Отец и Станислав переглянулись:

— Вице-директором!

Ян улыбнулся:

— Путаешь, отец. Стефан — вице-директор? Другой, верно.

— Не путает отец, — вмешался Станислав. — Тот самый Стефан Грабовский.

— Да он же просто шахтер. Мы вместе с ним росли. Вместе работать начали!

— Потому и назначили, что простой шахтер, — не скрывая удовольствия, пояснял отец. — Шахту знает, горняцкую жизнь до тонкостей изучил, на войне отличился. Ему и доверили. Да я его сейчас сюда позову, сам поговоришь.

Переступив порог, Грабовский сразу же узнал старого друга.

— Какими судьбами? Давно ли? Хорошо, что вернулся. Для нас там климат неподходящий.

— Климат самый что ни на есть хреновый, — сердито буркнул Шипек.

— Верно, — согласился Грабовский. — Сколько лет мы с тобой не виделись?

— С тридцать девятого. Много воды утекло! — Только теперь Ян заметил на пиджаке Стефана разноцветный набор орденских планок, — Ого, сколько! Таких я и не видел.

— В Лондоне их не давали, — бесцеремонно вставил Шипек. Ему не нравился заграничный душок, который — он чувствовал — идет от Яна, и старик старался, где можно, его ущучить.

— Есть и наши, есть и советские, — чтобы сгладить задиристую, как сучок, реплику Шипека, поспешил разъяснить Стефан Грабовский. — «За оборону Москвы», «За Варшаву», «За взятие Берлина»…

Москва… Варшава… Берлин… С укором смотрели орденские планки на Яна Дембовского. Что он мог им противопоставить?

— А я… — и осекся.

Стефан посочувствовал:

— Да, не с той стороны ты в Польшу возвращался. Но теперь об этом нечего вспоминать. Как жить думаешь? На шахту зачем пришел?

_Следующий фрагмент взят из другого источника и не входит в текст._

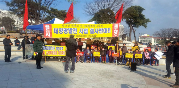| | | ⓒ 영천시민뉴스 | | 임고면 삼매리 주민들이 지난 12월 21일 영천시청 광장에서 태양광발전소 설치 결사반대를 외쳤다. 이들은 ‘청정지역 도룡뇽 수리부엉이 지켜내자’ 등의 현수막을 걸고 반대 입장을 분명히 했다. 삼매리에는 2개 업체에서 도시계획위원회 재심의중이고 1개 업체에서 시청 해당부서와 개발행위 협의 중이다.

— Так… посмотреть… Помнишь, мы начинали здесь перед войной? Хорошее время было. Молодость.

— Мне кажется, что только сейчас молодость пришла. Такое чувство, как весной после хорошей грозы. — И предложил: — Приходи работать. Сегодня советские горняки…

— Знаю, знаю! — перебил Ян. — Вот мы и пришли.

— Правильно. Ребята они замечательные. Что же касается товарища Очерета, так он еще и воин. Нашу шахту от гитлеровцев освобождал. Теперь делится с нашими горняками своим опытом. Да и наши ребята советским товарищам свое мастерство показывают. У нас ведь есть первоклассные шахтеры.

Собравшиеся в комнате шахтеры рассказывали о том, как работали советские горняки, какие планы у шахты. А Ян Дембовский ловил себя на мысли: сговорились они все, что ли? Или действительно здесь все так переменилось?

— Приходи! — снова предложил Стефан. — Дел много. Сам увидишь. Брат твой Юзек вчера был у меня. На шахту просится.

— Наконец-то. Надоело, видно, без дела шататься, — заметил Станислав.

Шипек на все случаи жизни имел твердые взгляды, которые обычно высказывал в самой категорической форме:

— Вонючий дух из него вышибать надо, чет-нечет. Ходит по кавярням да языком треплет. Польшу спасает!

Ян улыбнулся:

— Горячий вы, дядя Шипек. И годы не берут.

— Пусть наши враги стареют, а нам нельзя. По дедовскому наказу жить будем — сто лет!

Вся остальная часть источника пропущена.